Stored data

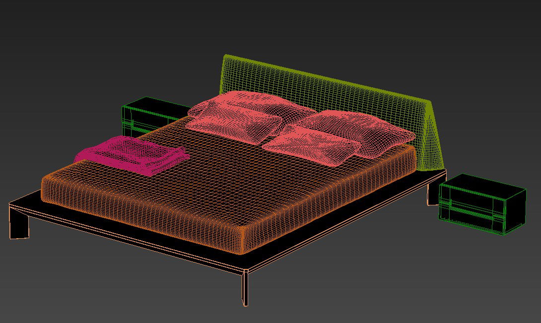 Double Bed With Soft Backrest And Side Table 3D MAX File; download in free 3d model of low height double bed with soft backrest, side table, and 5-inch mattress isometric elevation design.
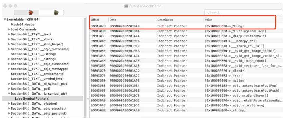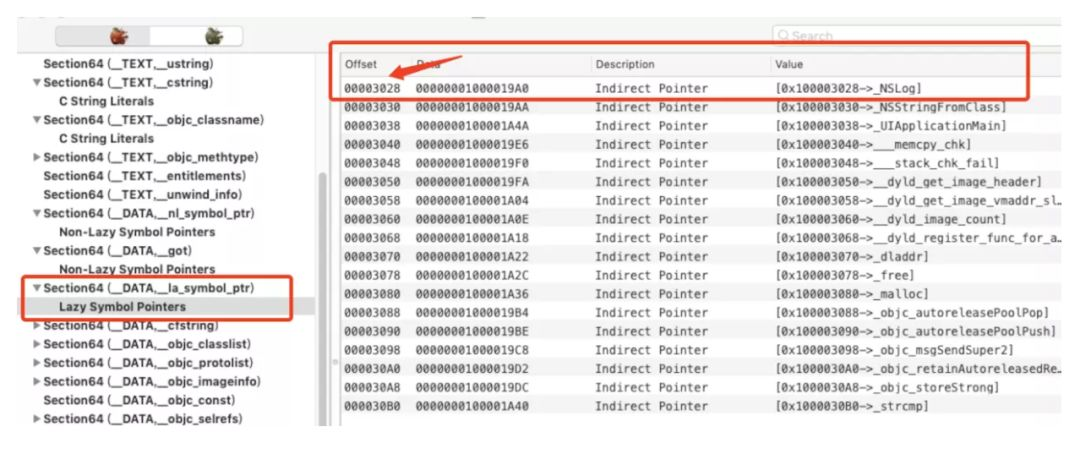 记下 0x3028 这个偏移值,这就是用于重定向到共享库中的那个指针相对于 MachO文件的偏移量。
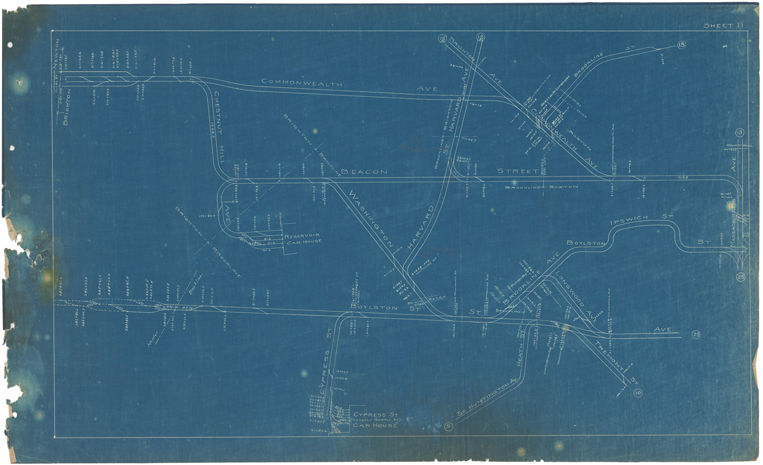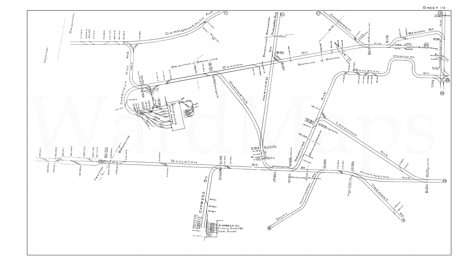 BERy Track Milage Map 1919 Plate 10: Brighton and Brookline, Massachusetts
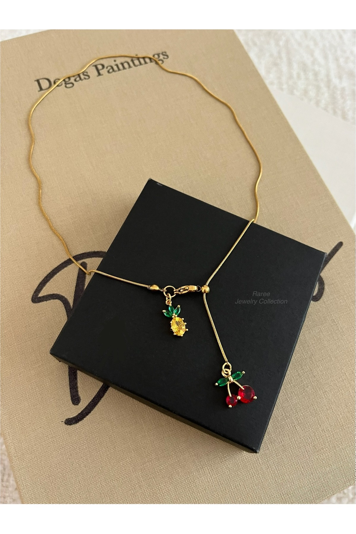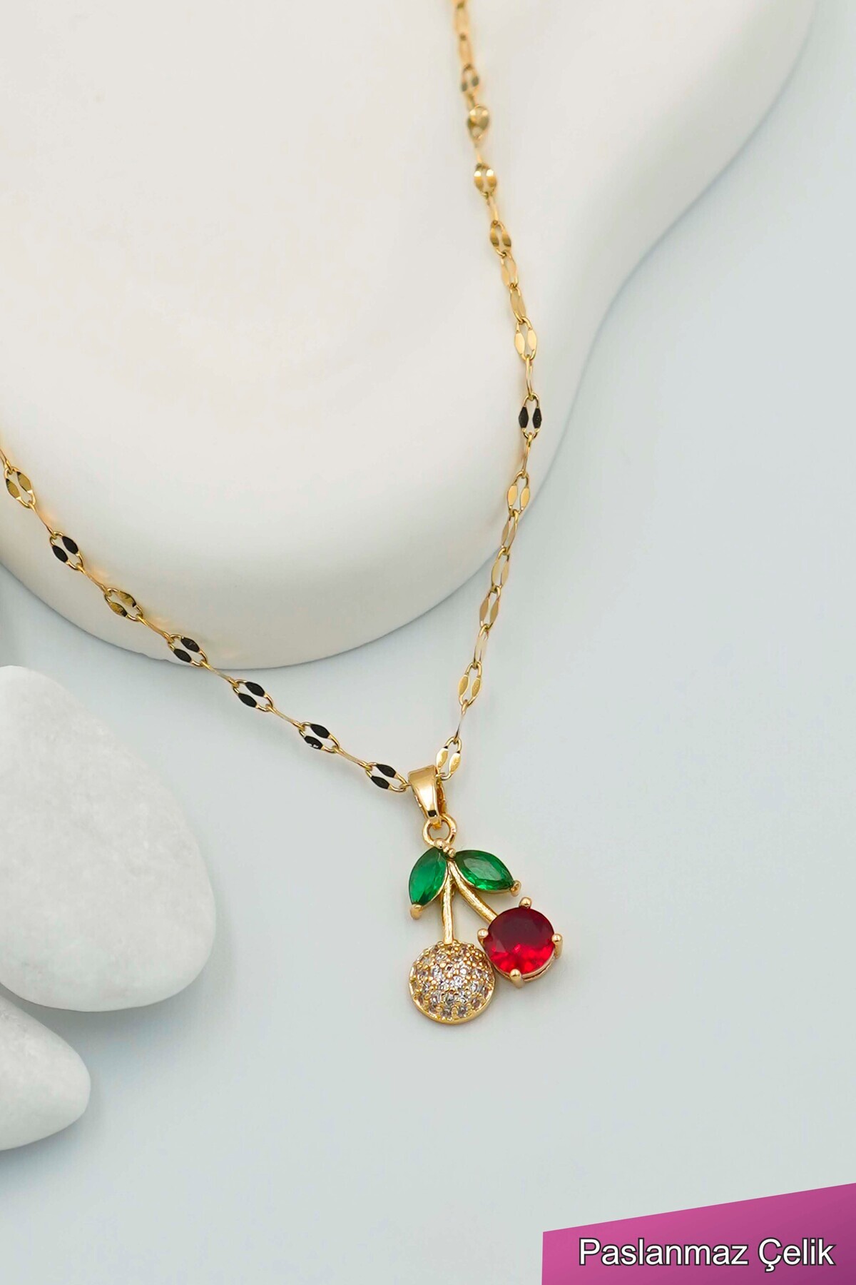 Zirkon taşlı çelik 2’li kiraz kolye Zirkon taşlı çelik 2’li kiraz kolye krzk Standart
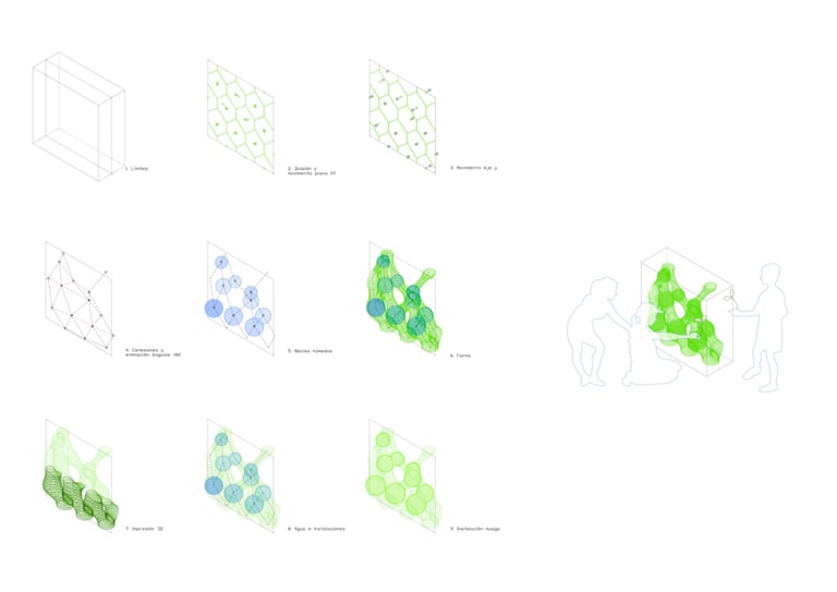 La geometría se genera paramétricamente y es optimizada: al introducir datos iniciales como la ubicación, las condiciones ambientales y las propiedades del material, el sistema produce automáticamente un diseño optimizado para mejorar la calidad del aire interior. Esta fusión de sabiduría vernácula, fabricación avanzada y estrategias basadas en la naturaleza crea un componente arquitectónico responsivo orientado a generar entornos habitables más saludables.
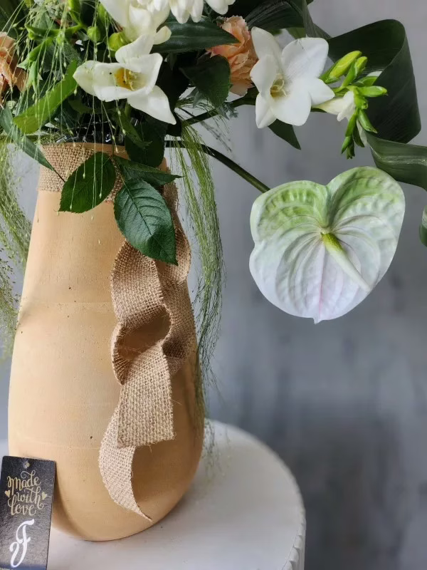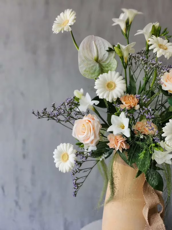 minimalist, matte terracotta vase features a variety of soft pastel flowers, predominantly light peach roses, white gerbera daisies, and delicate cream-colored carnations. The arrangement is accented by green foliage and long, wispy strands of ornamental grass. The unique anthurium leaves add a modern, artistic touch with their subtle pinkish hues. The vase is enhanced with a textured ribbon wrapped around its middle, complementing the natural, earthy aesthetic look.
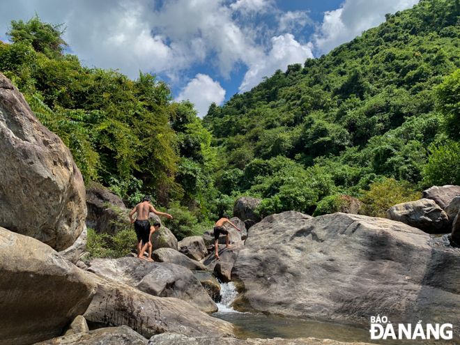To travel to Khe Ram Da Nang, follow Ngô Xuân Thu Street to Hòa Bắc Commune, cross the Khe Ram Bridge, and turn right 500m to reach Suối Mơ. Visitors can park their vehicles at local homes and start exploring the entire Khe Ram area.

**What you are asked to do**
What is needed is an exact copy of the lines from the beginning of the data through the line containing "La geometría se", both included, without any pictures.

**Output**
 Double Bed With Soft Backrest And Side Table 3D MAX File; download in free 3d model of low height double bed with soft backrest, side table, and 5-inch mattress isometric elevation design.
 记下 0x3028 这个偏移值,这就是用于重定向到共享库中的那个指针相对于 MachO文件的偏移量。
 BERy Track Milage Map 1919 Plate 10: Brighton and Brookline, Massachusetts
 Zirkon taşlı çelik 2’li kiraz kolye Zirkon taşlı çelik 2’li kiraz kolye krzk Standart
 La geometría se genera paramétricamente y es optimizada: al introducir datos iniciales como la ubicación, las condiciones ambientales y las propiedades del material, el sistema produce automáticamente un diseño optimizado para mejorar la calidad del aire interior. Esta fusión de sabiduría vernácula, fabricación avanzada y estrategias basadas en la naturaleza crea un componente arquitectónico responsivo orientado a generar entornos habitables más saludables.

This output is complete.